試験管内と比べて細胞内は複雑で、それまでずっと試験管内の実験しかした事がなかった身としては、予想外な事だらけでした。また、RNAの取扱にも慣れておらず、分解しやすいという事で、初めはおっかなびっくり実験をしていました。4年生が作ってくれたDEPC処理水がむしろ分解を促進するといった笑い話もありました。そのうち、谷時雄先生(当時:九大。現:熊大)の御協力を得て取扱にも慣れ、結構いい加減に取り扱っても良いと分かり、研究は進展しはじめました。

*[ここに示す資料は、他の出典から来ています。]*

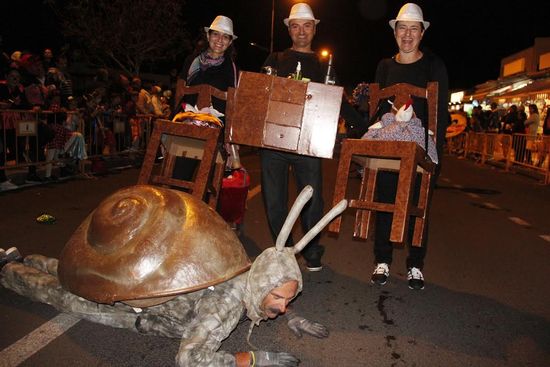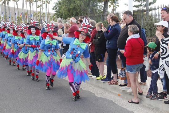 El núcleo turístico de Playa Blanca vivió intensamente este sábado la juerga colectiva más grande de su Carnaval. Infinidad de mascaritas, quince carrozas, una veintena de grupos y cientos de espectadores, muchos de ellos igualmente disfrazados, salieron a la calle para disfrutar y contagiarse de esa ruta plagada de música, color, ingenio y desenfreno que entraña el coso carnavalero del sur de Lanzarote.
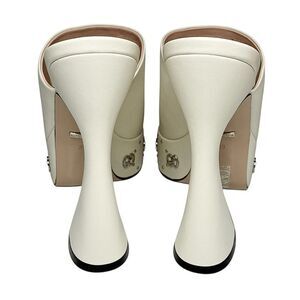 Step into bold luxury with these stunning Gucci Janaya Platform Sandals in the coveted Mystic White shade. Featuring a dramatic platform, sculpted block heel, and silver GG studded detailing around the midsole, these sandals deliver modern glamour with unmistakable Gucci craftsmanship.
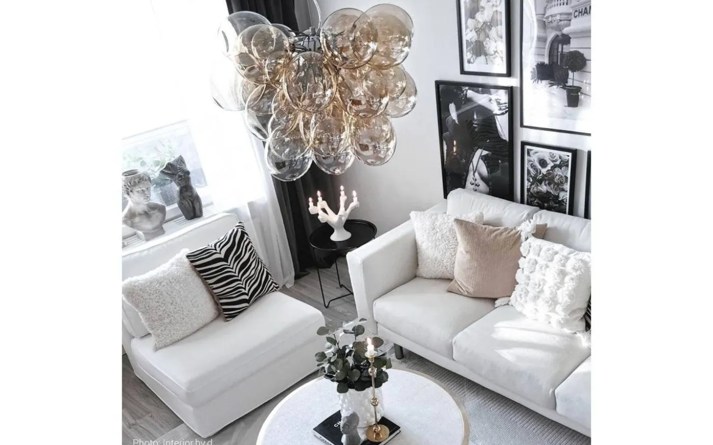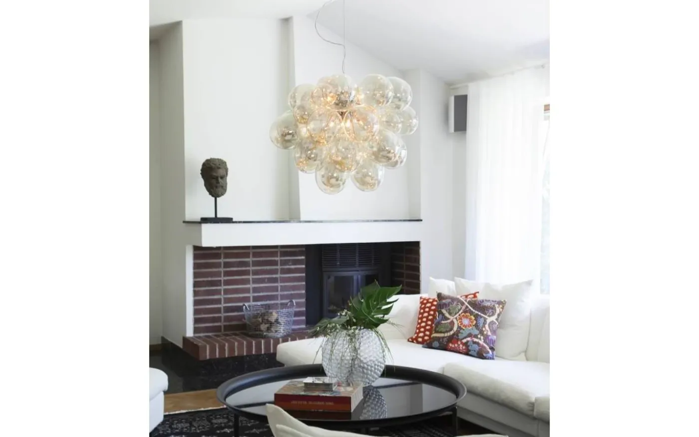 Gross från välkända By Rydéns är en snygg taklampa med upphäng i blank krom kombinerat med 32st munblåsta, amberfärgade glaskulor som ger lampan ett exklusivt och trendigt intryck. De skira glaskulorna släpper genom ett fantastiskt ljusflöde. Till denna taklampa behöver du 8st G9 ljuskällor, dessa säljes separat – se passande förslag under tillbehör.
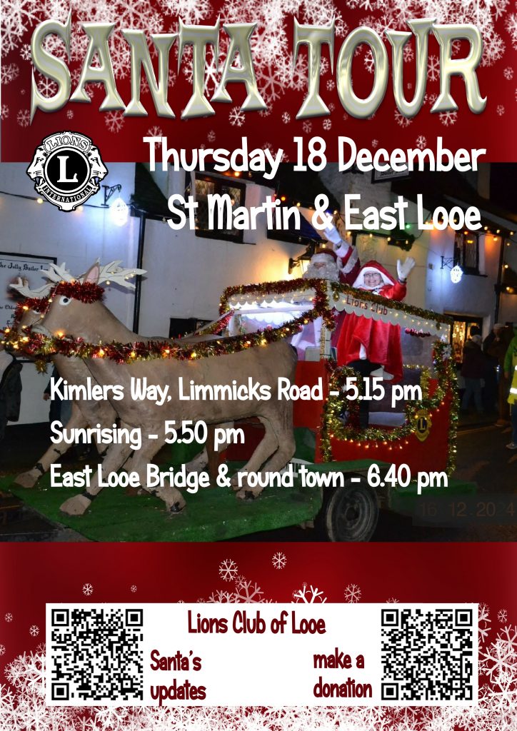 Santa has confirmed that he will be available to visit Looe from 15th to 19th December and he is looking forward to seeing you all.
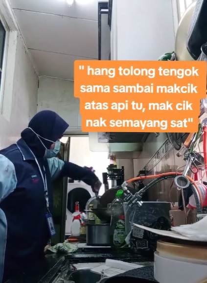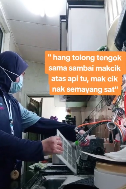(八打灵再也23日讯)清洁员上门为顾客清洗滤水器,主人家竟没把她当外人,还请她帮忙搅拌在烹煮的叁巴酱,避免煮焦了!
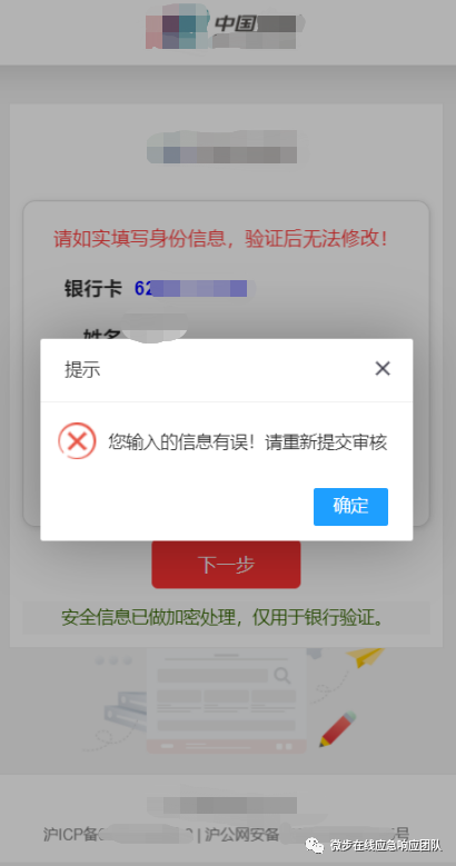 等到后面回顾梳理整个事件的时候才发现:原来他的后台可以人工自定义弹窗的内容,除了“信息有误外”还可以弹窗提示“银行卡密码错误”、“余额不足”等。妙!实在是妙!
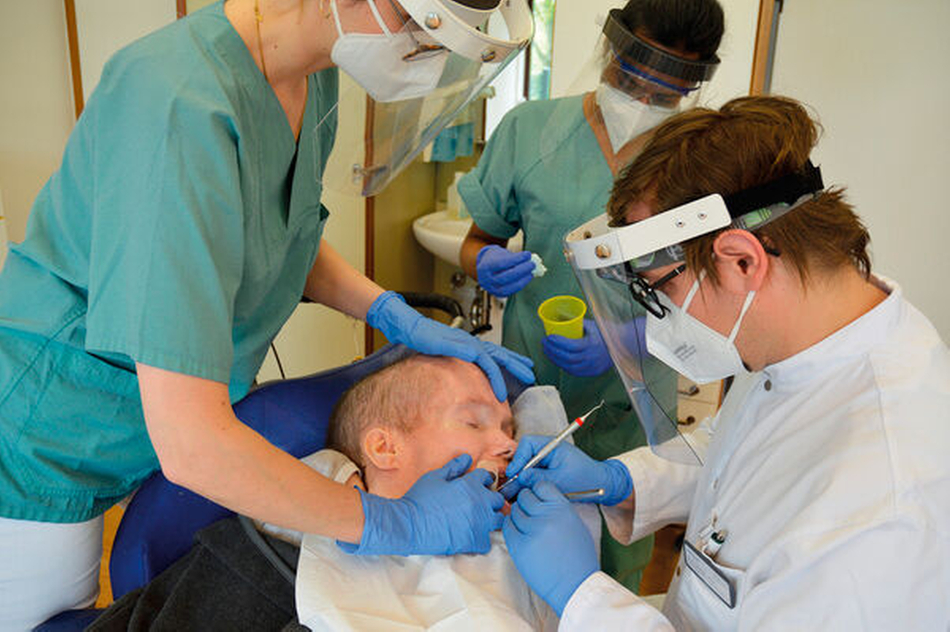 Die evangelische Stiftung ist in unterschiedliche Bereiche aufgeteilt. Aktuell betreuen wir zwei Häuser, die zur Spezialpflege gehören. Hier leben Menschen mit schweren Behinderungen, die oft nicht mobil sind. Daher macht es Sinn, vor Ort zahnmedizinische Behandlungen anzubieten. Aufgrund der freien Arztwahl werden nicht alle Bewohnerinnen und Bewohner von uns betreut, aber die Mehrheit. Insgesamt nehmen etwa 100 Personen unser Behandlungsangebot an.
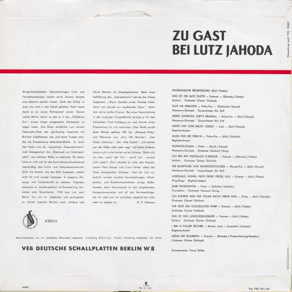 Lutz Jahoda: Zu Gast Bei Lutz Jahoda A lemezen lévő változat bakelitlemez LP - standard kiadás. Ez a különleges kiadás - Németországi Szövetségi Köztársaság a kiadó által AMIGA napján jelent meg 1963. Album műfajok között Pop és Sláger.
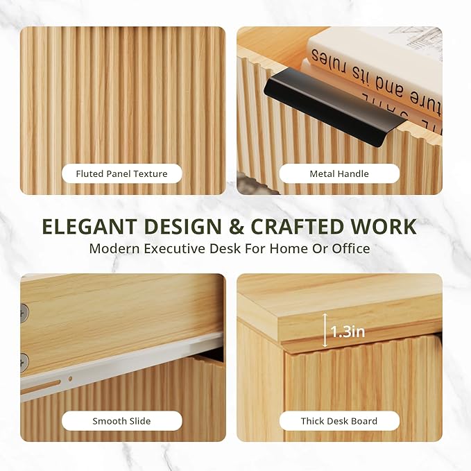 - Fluted Panel Design: Fursun modern executive desk features a unique grooved drawer panel design with refined craftsmanship and attention to detail. The elegant fluted add a touch of sophistication and contemporary style.
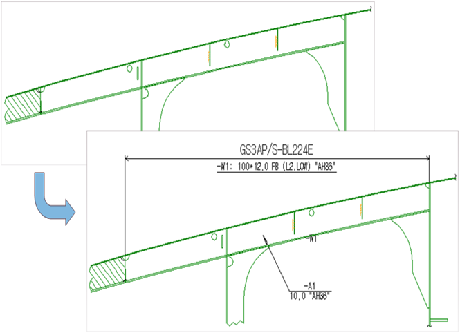 - Panel / Plate 별로 취부되어 있는 Angle( stiffener, flange )의
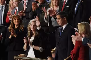 "Aquí, esta noche, se encuentra un hombre muy valiente que lleva consigo las esperanzas, los sueños y las aspiraciones de todos los venezolanos. Uniéndose a nosotros entre los presentes está el verdadero y legítimo presidente de Venezuela, Juan Guaidó", ha anunciado Trump.
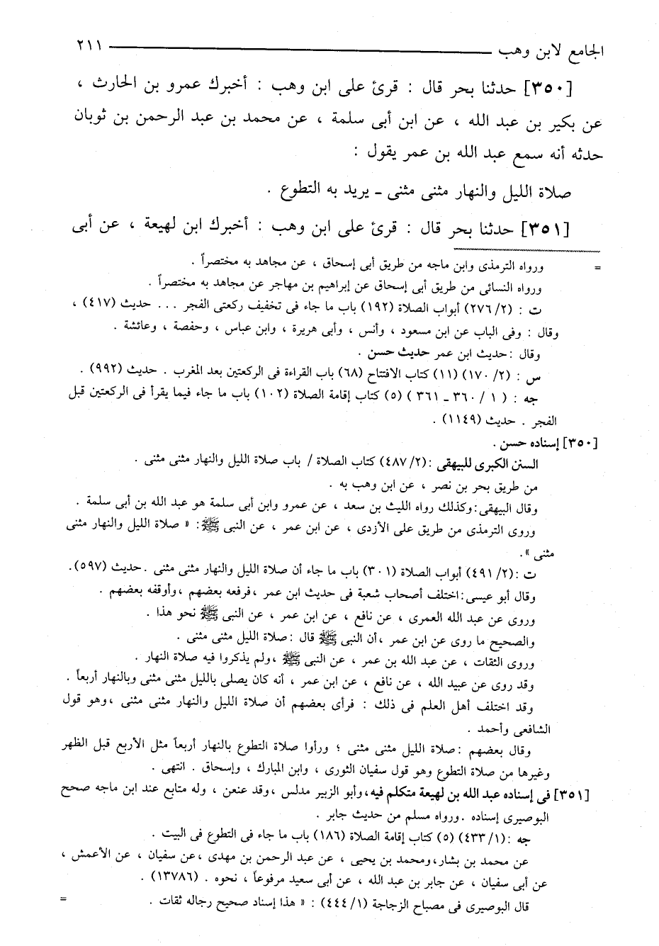 ٣٥٠-[٣٣٩] حدثنا بحر قال: قرئ على ابن وهب: أخبرك عمرو بن الحارث، عن بكير بن عبد الله، عن [ابن] أبي سلمة، عن محمد بن عبد الرحمن بن ثوبان حدثه أنه سمع عبد الله بن عمر يقول:
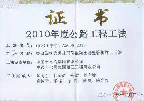 近日,公司主编的《振动沉模大直径现浇混凝土薄壁管桩施工工法》喜获中国公路建设行业协会2010年度公路工程工法,并录入国家公路工程工法汇编。
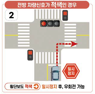 횡단보도가 빨간불인 경우 무조건 일시정지 후, 우회전 가능

実験は、mRNAの核内運動が、モーター蛋白質による能動輸送なのか、あるいは、ブラウン運動による拡散運動なのかという点を蛍光1分子観察でmRNAを1本ずつ解析する事で明らかにしようというものでした。初めは、内在性のmRNAを観察するために、蛍光標識したアンチセンスオリゴヌクレオチドを用いた観察を行いましたが、やってもやっても差が出たり、出なかったりという事で、結果が安定せずに苦労した記憶があります(当時は天然のオリゴヌクレオチドを用いていましたが、現在は2'OMe修飾オリゴヌクレオチドを用いる事で観察可能)。谷先生のアドバイスもあり、試験管内で合成した蛍光標識mRNAを観察する事で、mRNAは核内を核酸運動で動いている事を明らかにする事ができました。色々と苦労はしましたが、現在の糧となっているプロジェクトで、指導教官の船津高志先生、共同研究者の谷時雄先生には感謝しております。

本領域では、機会があれば、生きている細胞核内でのイメージングに再チャレンジできればと思っており、よろしくお願い致します。